Dab2 Das Double-Nickase-Plasmid (m) besteht aus einem aufeinander abgestimmten Plasmidpaar, das für die hochspezifische Bearbeitung des Dab2-Lokus in mouse-Zelllinien entwickelt wurde. Jedes Plasmid exprimiert eine Cas9-D10A-Nickase und eine spezifische sgRNA, die auf entgegengesetzte DNA-Stränge innerhalb von Dab2 abzielt. Wenn sie auf benachbarte Stellen auf entgegengesetzten DNA-Strängen gerichtet sind, erzeugen die beiden Nickasen versetzte Einzelstrang-Schnitte, die zusammen einen versetzten Doppelstrangbruch erzeugen, was eine koordinierte On-Target-Aktivität beider Guides erfordert.
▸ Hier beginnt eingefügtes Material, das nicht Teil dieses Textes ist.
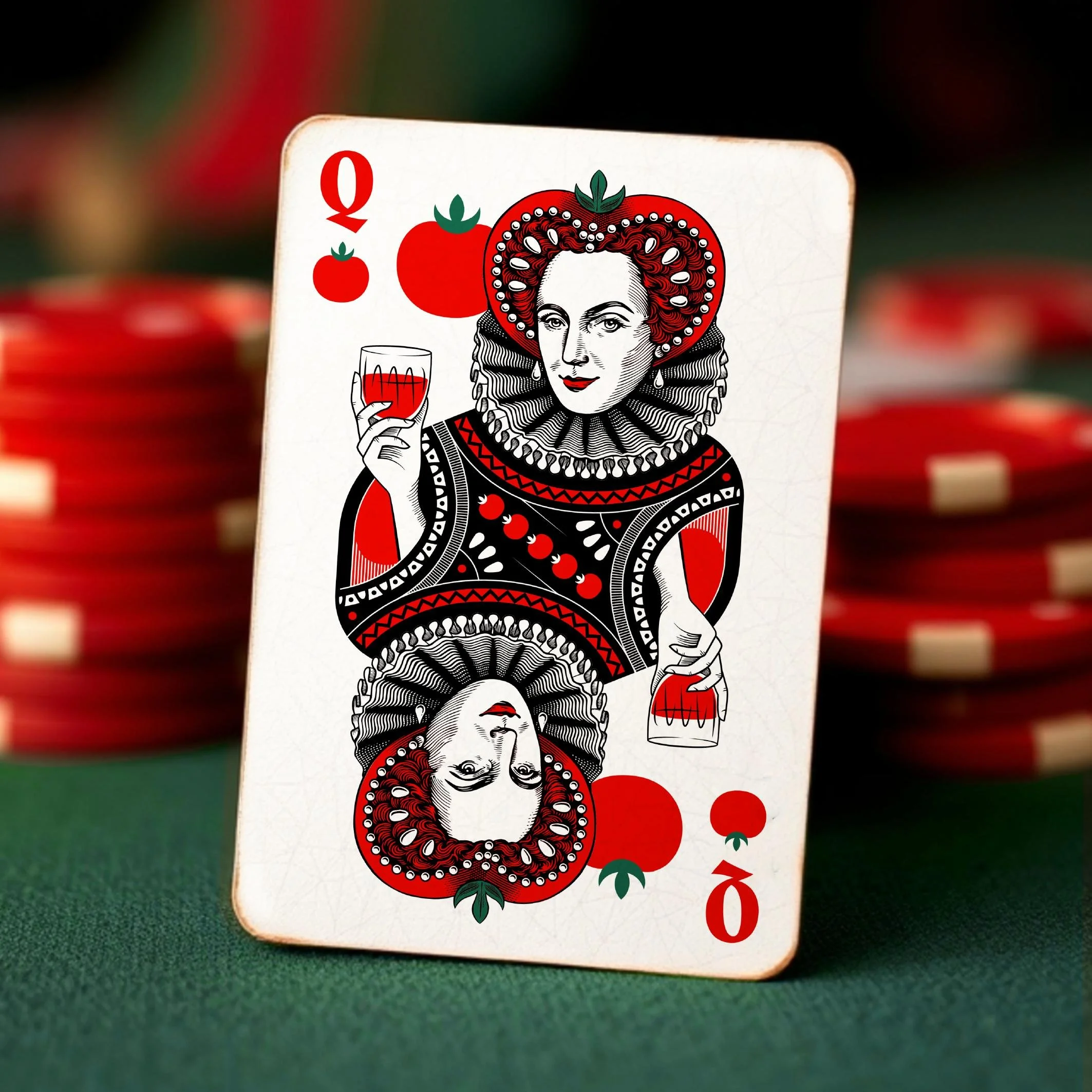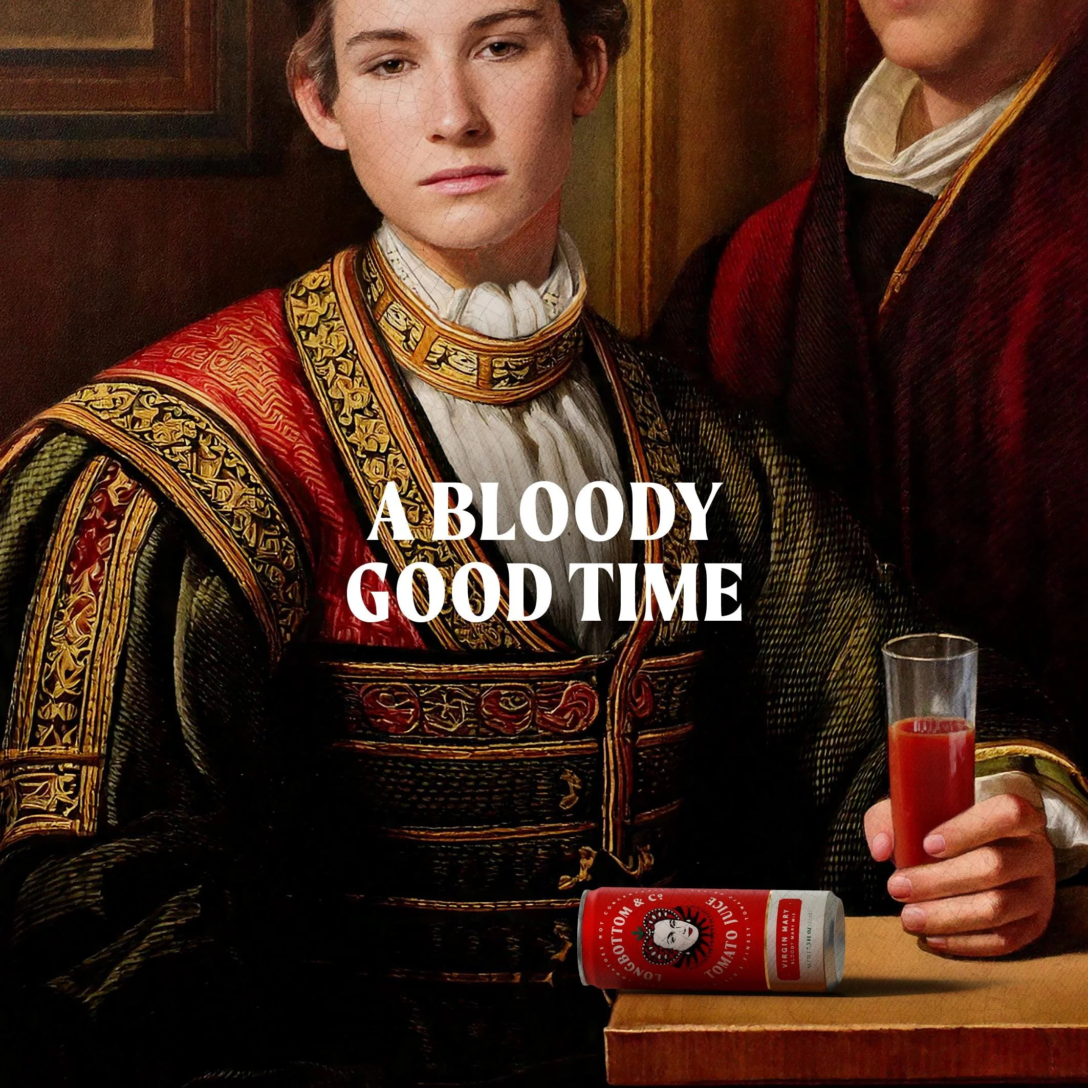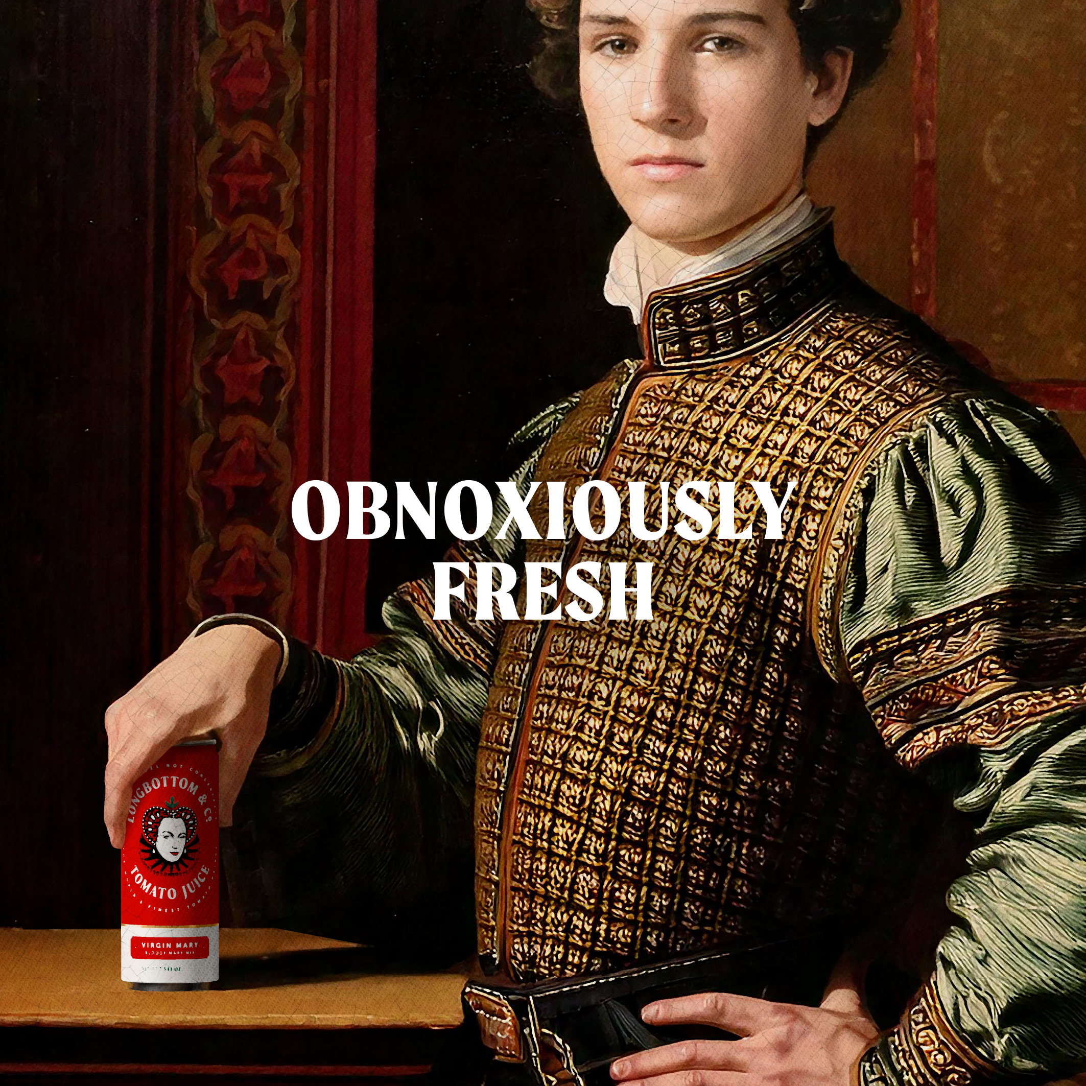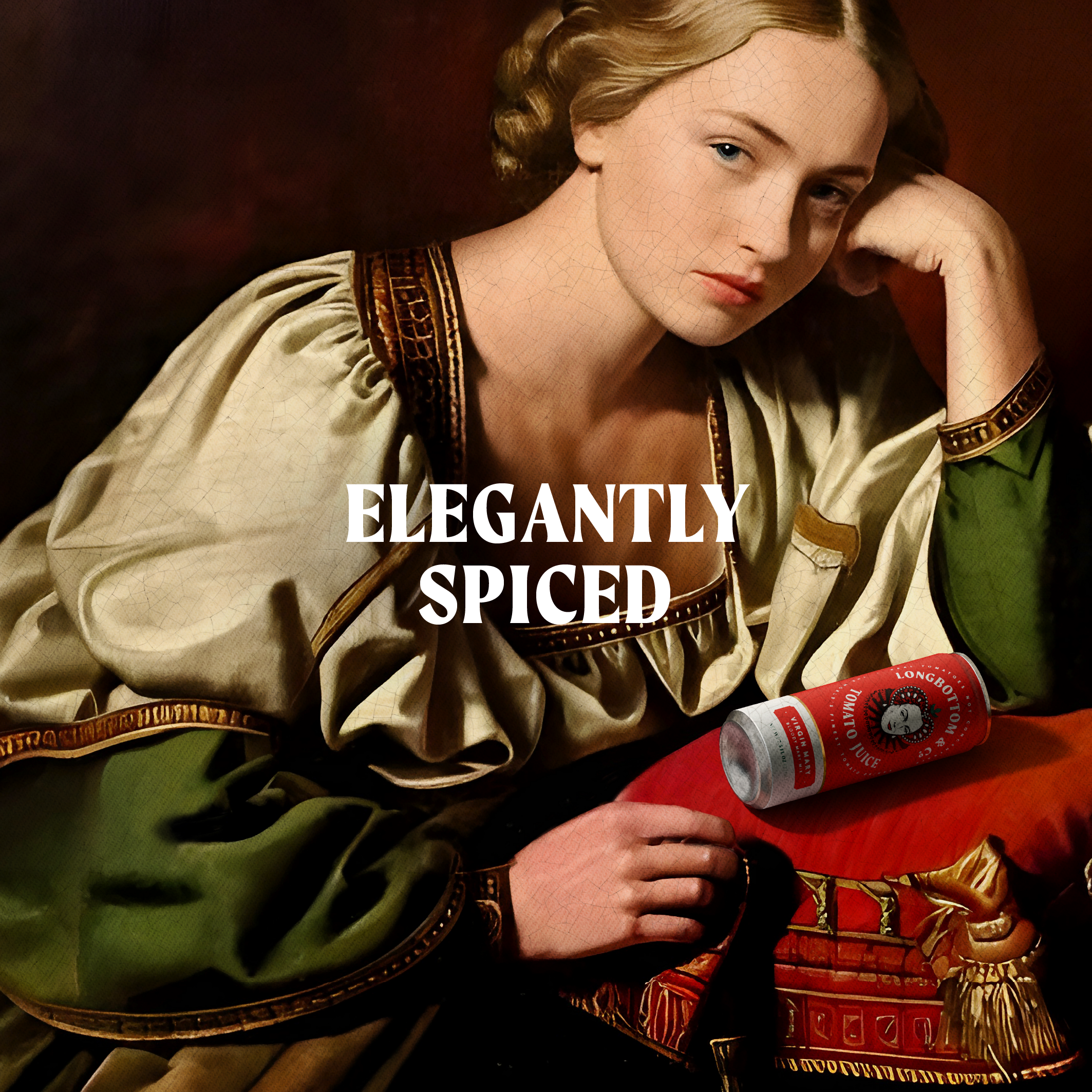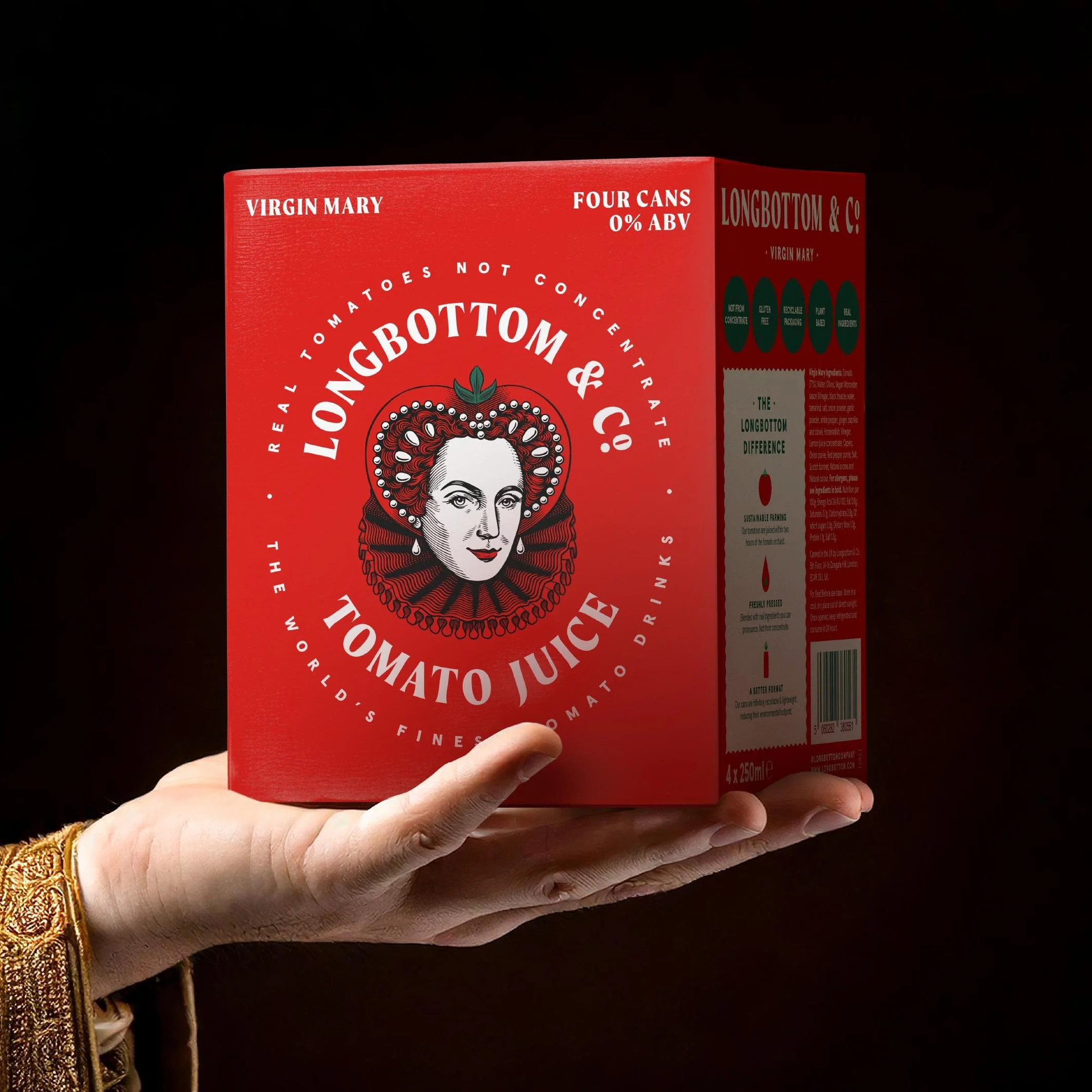 Ensconced within a crafted typographic roundel and a vivid world inspired by the palette of the freshest tomatoes, our Mary is elevated to the status of branding royalty.

Der resultierende DNA-Bruch wird durch endogene zelluläre Reparaturwege behoben, meist durch nicht-homologe Endverknüpfung (NHEJ), was zu Insertionen oder Deletionen führt, die die Dab2-Funktion stören. Durch die Notwendigkeit einer doppelten sgRNA-Bindung am Zielort erhöht der Doppel-Nick-Ansatz die Spezifität der Bearbeitung und bietet eine komplementäre CRISPR-Strategie für Anwendungen, bei denen eine zusätzliche Kontrolle über die Zielgenauigkeit gewünscht ist.
Um eine effiziente Identifizierung editierter Zellen zu unterstützen, kodiert ein Plasmid GFP zur fluoreszierenden Visualisierung transfizierter Populationen, während das Begleitplasmid ein Puromycin-Resistenzgen für die Antibiotika-Selektion trägt. Zusammen unterstützen diese Merkmale eine effiziente Anreicherung co-transfizierter Populationen und vereinfachen die Validierung von Klonen mit Dab2-Störung.
Nur für Forschungszwecke. Nicht für diagnostische oder therapeutische Zwecke bestimmt.